Problem to solve
Every line below must come back exactly as it stands, with the images omitted.

*** Opening Available data ***

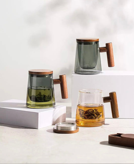 Green Glass Coffee Mug, Glass Coffee Cup, Clear Glass Coffee Mug, Double Wall Glass Mug, Wood Handle, Borosilicate Glass, Gifts, 430ml
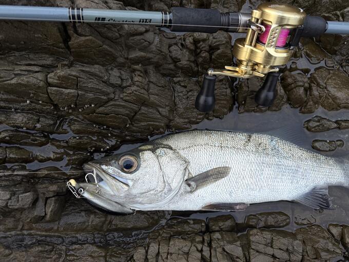 モンスターゲーム9に巻き替えたので、また夏磯へ! サラシの中でヒラスズキゲット! 1日使い倒しましたが、色落ちもなく気に入りました!
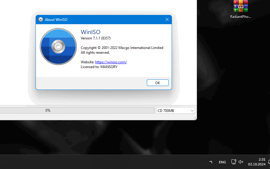 Скачать программу WinISO 7.1.1.8357 (19 МБ): Скачать портативную программу WinISO 7.1.1.8357 (66,3 МБ): Язык интерфейса: мультиязычный/английский/русский

*** Closing Available data ***

Finished task
 Green Glass Coffee Mug, Glass Coffee Cup, Clear Glass Coffee Mug, Double Wall Glass Mug, Wood Handle, Borosilicate Glass, Gifts, 430ml
 モンスターゲーム9に巻き替えたので、また夏磯へ! サラシの中でヒラスズキゲット! 1日使い倒しましたが、色落ちもなく気に入りました!
 Скачать программу WinISO 7.1.1.8357 (19 МБ): Скачать портативную программу WinISO 7.1.1.8357 (66,3 МБ): Язык интерфейса: мультиязычный/английский/русский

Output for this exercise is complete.